А Матрёна между тем уже хозяйничала в его чемодане. Одну за другою. вытаскивала она принадлежности его гардероба, раскладывала их по ящикам комода. и всё время трещала без умолку.
– Да и что, в самом деле, за скус в женатой жизни? – говорила она, шумно двигая ящиками, – одна скука! Уж и правильно пословица говорит: женатые люди – проклятые! То ли дело холостой… Ии-их! Что ветер в поле! Захотел кого полюбить – полюбил, захотел бросить – бросил! Тоже и наша сестра… Пришёлся по сердцу человек– ладно, а не пришёлся – вон его. Другой найдётся. Вашего брата, мужчинок, сколько угодно на каждом перекрёстке – только помани!
– Послушай, Матрёна, – сурово и величественно начал Мехлюдьев; – ты одна здесь прислуга?
– Одна! – отвечала Матрёна, и прибавила: – ещё бы они другую взяли, жиды эдакие… Да они от жадности удавится.
– А разве они жиды? – осведомился с беспокойством Мехлюдьев.

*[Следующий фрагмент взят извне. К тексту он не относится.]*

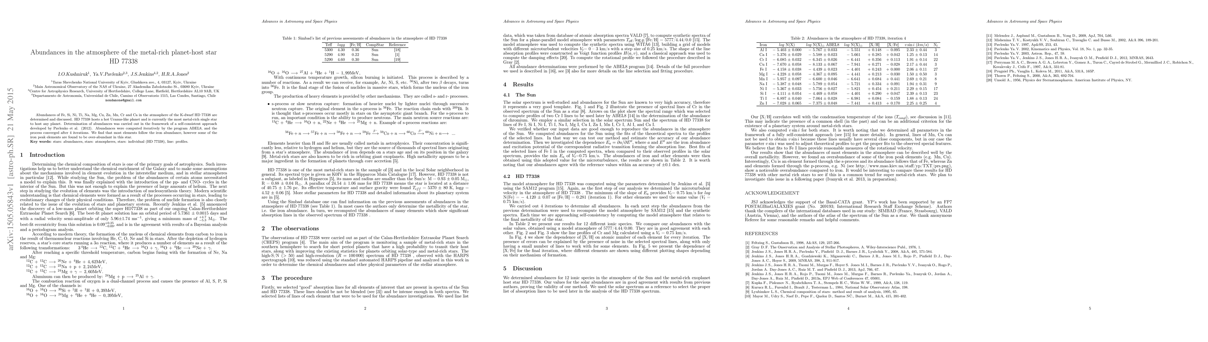 Abundances of Fe, Si, Ni, Ti, Na, Mg, Cu, Zn, Mn, Cr and Ca in the atmosphere of the K-dwarf HD 77338 are determined and discussed. HD 77338 hosts a hot Uranus-like planet and is currently the most metal-rich single star to host any planet. Determination of abundances was carried out in the framework of a self-consistent approach developed by Pavlenko et al. (2012). Abundances were computed iteratively by the program ABEL8, and the process converged after 4 iterations. We find that most elements follow the iron abundance, however some of the iron peak elements are found to be over-abundant in this star.

– Жиды, или немцы. почём я знаю? Не моё дело!
– Ну так вот! Так как ты одна здесь прислуга, это, значить, ты будешь убирать мою комнату, не так ли?
– Конечно, а кто же больше?
– И чистить сапоги?
– И чистить сапоги.
– И подавать самовар?
– Ну да, и самовар подавать.
– За все эти услуги ты будешь получать с меня рубль.
– Ну что ж, и на том спасибо!
– Разве тебе недостаточно?
– Это уж ваше дело: услужу, так прибавите! – подмигнула лукаво Матрёна.
– Ну да, да, конечно! – вспыхнул Мехлюдьев, стыдливость которого стала было опять возмущаться; – Так вот что… да, что я хотел сказать?.. Да, да!.. Может быть, но утрам иногда будет меня спрашивать курьер… Ты знаешь, что такое курьер?
– Эва, да что вы, барин, меня совсем дурой считаете! Слава Богу, видала я курьеров!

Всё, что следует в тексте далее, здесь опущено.